Regular times of family worship were observed in the Edwards household. Everyone was expected to keep to the same timetable, with bed at nine in the evening. Even when the daughters were old enough to have admirers and suitors and be on heir own were left on their own with a room and a fire, it was lights out at nine. Nothing was allowed that might ‘intrude on the religion and order of the family.’

Studious pastor as he was, Jonathan Edwards was careful to spend an hour every evening with his children, taking an interest in their lives and engaging them in playful conversation. He entrusted the running of his household affairs to his resourceful wife. She guided their home firmly, yet with a cheerful and winsome spirit. Parental discipline of children in the 18th century was often rather harsh compared with what would be acceptable today. But according to Hopkins, Jonathan Edwards was a kindly father, who corrected his children “with the greatest calmness, commonly without striking blow.” Of Sarah he wrote she,

"knew how to make [her children] regard and obey her cheerfully, without loud angry words, much less with heavy blows. She seldom struck her children, and in speaking to them adopted mild, gentle and pleasant terms."

Those modern day Evangelicals who seem to give the impression that "spare the rod spoil the child" is the be-all-and-end-all of biblical-style parenting would be wise to note the Edwards' approach. Such was the success of Jonathan and Sarah's parenting skills that Hopkins remarked, “Quarrelling and contention, which too frequently take place among children were not known among them.” Maybe the young house guest was painting a little too idealised picture. A house full of children and never a cross word between them? I don’t think so. By all accounts Jershua may have been mild and Esther obedient. But what about Sarah, the eldest daughter? When Elihu Parsons asked Jonathan Edwards for her hand in marriage, he plainly disclosed the unpleasant temper of his daughter. ‘But she has grace, I trust?’ asked Parsons, to which Edwards replied sardonically, ‘I hope she has, but grace can live where you cannot’.

George Whitefield visited Northampton in October 1740, during the Great Awakening. He preached to Edwards’ Northampton congregation, noting in his journal entry for Sunday October 19,

"Preached this morning, and good Mr Edwards wept during the whole time of exercise. The people were equally affected, and in the afternoon the power increased yet more…Oh, that my should be refreshed with joyful news, that Northampton people have recovered their first love; that the Lord has revived his work in their souls and caused them to do their fist works."

During his brief stay at Northampton, Whitefield was deeply impressed with Edwards, writing, “Mr Edwards is a solid, excellent Christian… I think I have not seen his like in all New England.” Of Jonathan, Sarah and their family he wrote, “A sweeter couple I have not yet seen. Their children were not dressed in silks and satins, but plain, as becomes the children of those who, in all things, ought to be examples of Christian simplicity. Mrs Edwards is adorned with a meek and quiet spirit…”
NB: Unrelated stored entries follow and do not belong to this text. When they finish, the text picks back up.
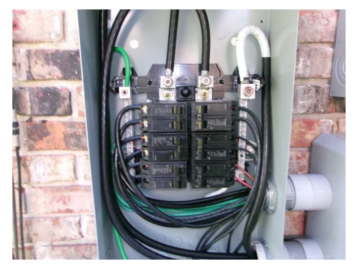
Siemens Subpanel – Copper Branch Wiring
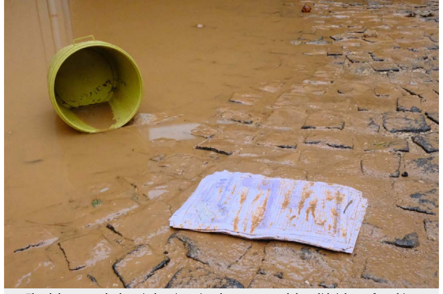
Flood threw out the hospital registration documents and they didn't let us for taking photos and videos.
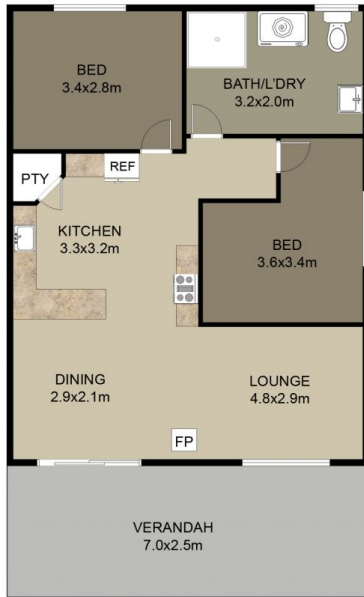
Cottage 62 Square Meters
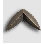
Bronze with leaf detail
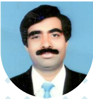
Hon'ble Justice Kaushal J. Thaker, Judge, High Court of Allahabad
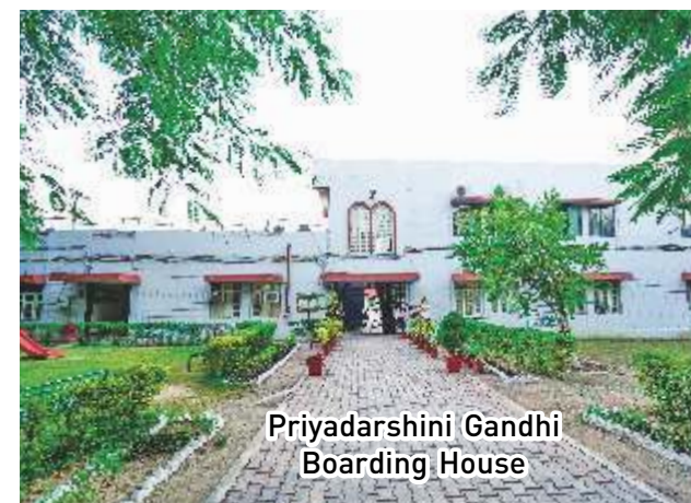
Priyadarshini Gandhi Boarding House
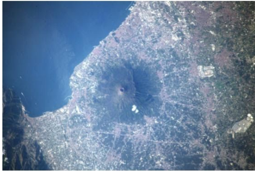
Image from satellites in Space show how large the crater is on Mt. Vesuvio
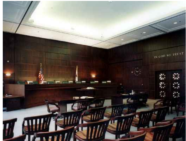
Supreme Court of Illinois Chicago, Illinois
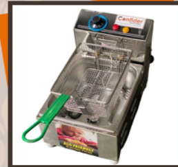
5 L Electric Deep Fryer
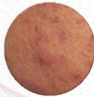
Figure II: Moderate acne
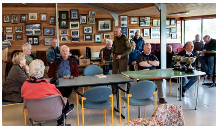
After the shoot
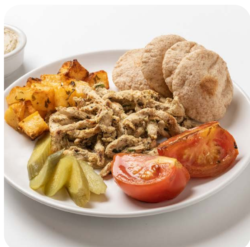
Chicken Shawarma Platter
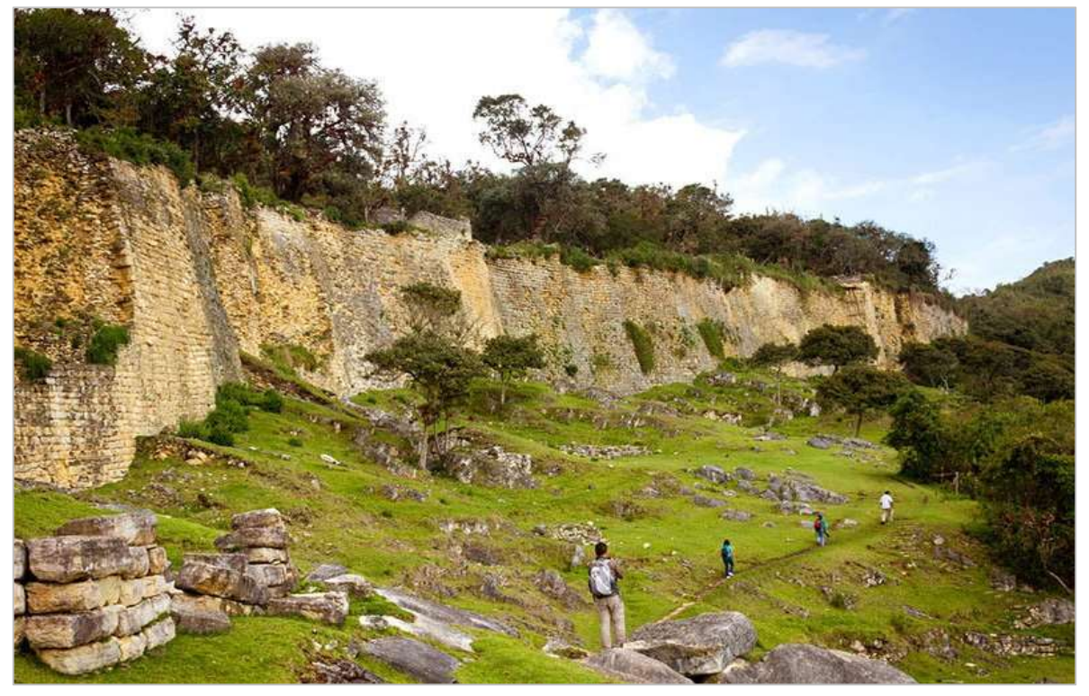
Kuelap Fortress 3,000 meters, Chachapoyas

Highlights • Tarapoto • Urku Wildlife Center • Bird Watching • Chazuta • Huallaga River Tour • Pongo Amazonas • Urku Wildlife Refuge • Moyobamba • Tingana Nature Reserve • Alto Mayo Cloud Forest • Abra Patricia Owl Sanctuary • Gocta Falls • Kuelap Fortress • Jaen.
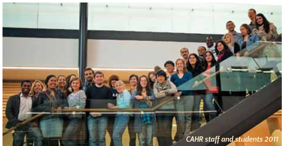
CAHR staff and students 2011
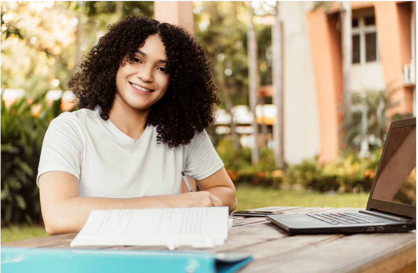
Female student with digital technology.

On the other hand, Tingo, the other major e-money provider, requires a smartphone application, which restricts the potential user base to those with a smartphone and mobile Internet connectivity and as thus is likely to build in a gender bias towards serving men from the start.
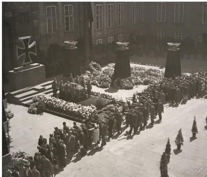
June 7, 1942 in the courtyard of Prague Castle. The coffin on display containing the remains of Reinhard Heydrich.

He set to work to change that, decreeing better rations, working conditions, paid vacation and travel, less control and greater access to him. He wanted the people to help Germany win and assured them that their voices would be heard. It worked, production
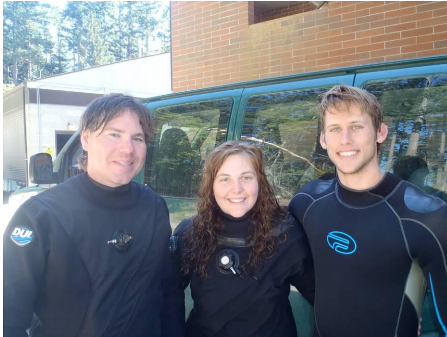
This was taken just after our last dive (check out that drysuit!)
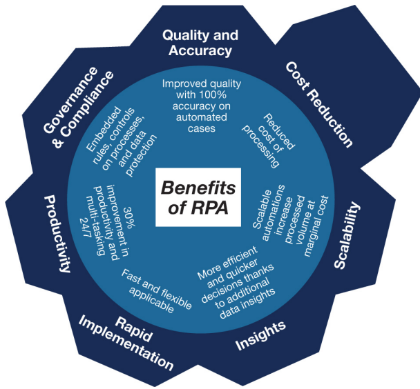
Figure 1: Benefits and cost savings associated with RPA
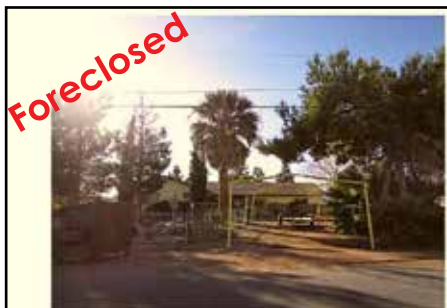
Ref #1312720 • 4 Bedrooms • 1 Den • 2 Baths 2624 Sq. Ft. • Year: 1977 • Lot Size: 49223 Sq. Ft. Covered Patio • $264,900
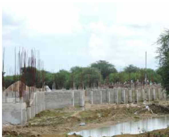
Upcoming building of the Department
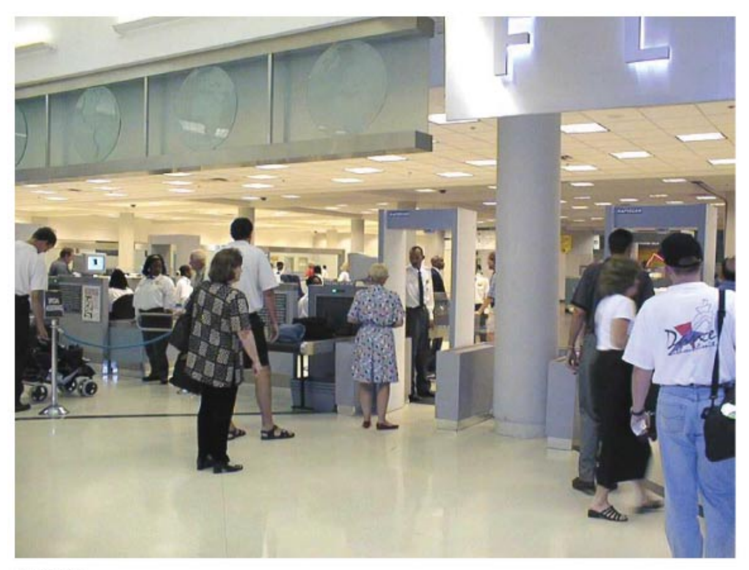
Figure 2: Screening Passengers at a U.S. Commercial Airport

In addition, according to FAA, U.S. and foreign airlines met the April 2003 deadline to harden cockpit doors on aircraft flying in the United States.
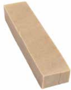
966 English Lavender
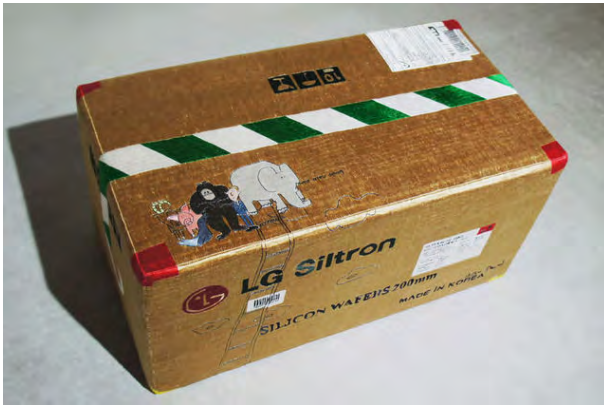
Danful Yang Packing me softly , 2014 Pearl Lam Galleries
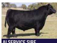
AI SERVICE SIRE

A very nice Merit Sting daughter out of an Aviator cow and going back to the donor cow Crowfoot Pearl 8006U. Moderate in size and tanky. The Aviator cows continue to rise to the top and seem to mate well with almost all sires. AI Bred April 20 to Conley South Point. Exposed May 20 to August 15 to Riverfront Stunner 021H. June 7 to August 15 to Blast Encore 4H. Vet called 3.5 months (Sept 1).
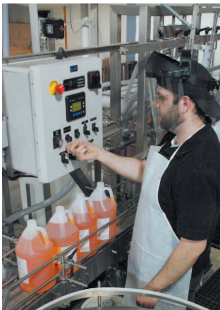
Packaging green cleaning products in CABVI's Central Industries.

Greening the Cleaning® means eliminating, to the greatest extent possible, all cleaning agents containing hazardous ingredients and replacing them with naturally-derived ingredients possessing the least level of toxicity. One hundred percent of all surpluses from sales of the institutional products go to two entities: the Central Association for the Blind and Visually Impaired, to provide employment opportunities and vision rehabilitation services to people who are blind or visually impaired in central New York, and The Deirdre Imus Environmental Center for Pediatric Oncology®, supporting education and research to identify, control and ultimately prevent exposures to environmental factors that may cause adult, and especially, pediatric cancer, as well as other child health problems.
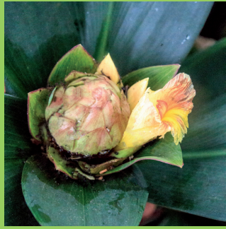
Costus 'Art Magic' Greg Jones cold hardy costus collection.

This stunning new hybrid features strong erythrophyllus leaf and stem colour and is cold hardy. The plant is compact, medium sized, prefers filtered light and well drained rich soil. A great plant for small tropical gardens. The inflorescences are large and showy. Flowers spring to summer.

The domestic bliss he witnessed at the manse made Whitefield renew his prayers for a godly wife. Other visitors were impressed by the happy piety of the Edwards household. But Sarah sometimes suffered periods of melancholy, or depression, largely brought on by the stinging criticism of Jonathan and herself by some members of the Northampton church.

The church however experienced two seasons of revival blessing during Edwards' pastorate. There was a localised, but powerful awakening in 1735. This was the inspiration for the preacher's early work on revival, A Faithful Narrative of a Surprising Work of God. And in the 1740's the Great Awakening came to Northampton.
* Notes of a talk given at our Penknap Ladies' Meeting.